Of course a book with that plot is going to be disturbing, but the gritty realism is almost too much for me.  The first chapter left me feeling like this should be an adult book about young characters, not a book for teens. The age of the character is often used to determine where a book is placed, but this isn’t always right. I actually think the target age group here should be emerging adults, the term I’ve heard used to describe 19-30 year olds who are still in the transition between being a teen and being an adult. Some people skip the emerging adult stage and go right into full-fledged adult hood, with their careers and kids, but there’s a big group who stay students into their mid-twenties (yea that’s me), live with their parents longer, or have  a wild party lifestyle that they plan to settle down from eventually.

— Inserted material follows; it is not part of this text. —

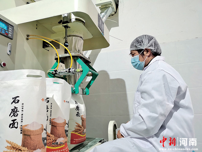 圖② 11月5日,在濟源示范區(qū)承留鎮(zhèn)張河村村集體辦的面粉廠上班的脫貧戶原雪環(huán)在加工石磨面粉。

I think these emerging adults, who would be dead already in the world Wither presents are the ones who will be most fascinated and horrified by it. 

The way the servants are there to make the young kidnapping victims look good for their future husband/captor and spend their time fussing with her hair and clothes reminds me of the Hunger Games. Her mixed feelings for these ladies and children are reminiscent of Katniss’ view of her prep team.

I like that all of the kidnapped girls respond differently to the trauma. Becoming ill, angry or depressed are all valid, understandable responses to the situation. It makes me wonder how I would respond, and I’m sure most readers will question themselves about this.

DeStafano puts a lot of symbolism into flowers. Her use of flowers starts with

“red roses that always look rubbery or parched in the windows. They, like humanity, are chemical replicas of what they should be” (pg 10)

 and continues with the white oleanders that represent the beautiful but dangerous place she is brought to.  There are also flowers on the back cover of the book, and I’ll be on the lookout for more flowers later in the novel.

I’m both excited and afraid to see what else Wither has in store, I have a feeling Rhine’s in for a rough time.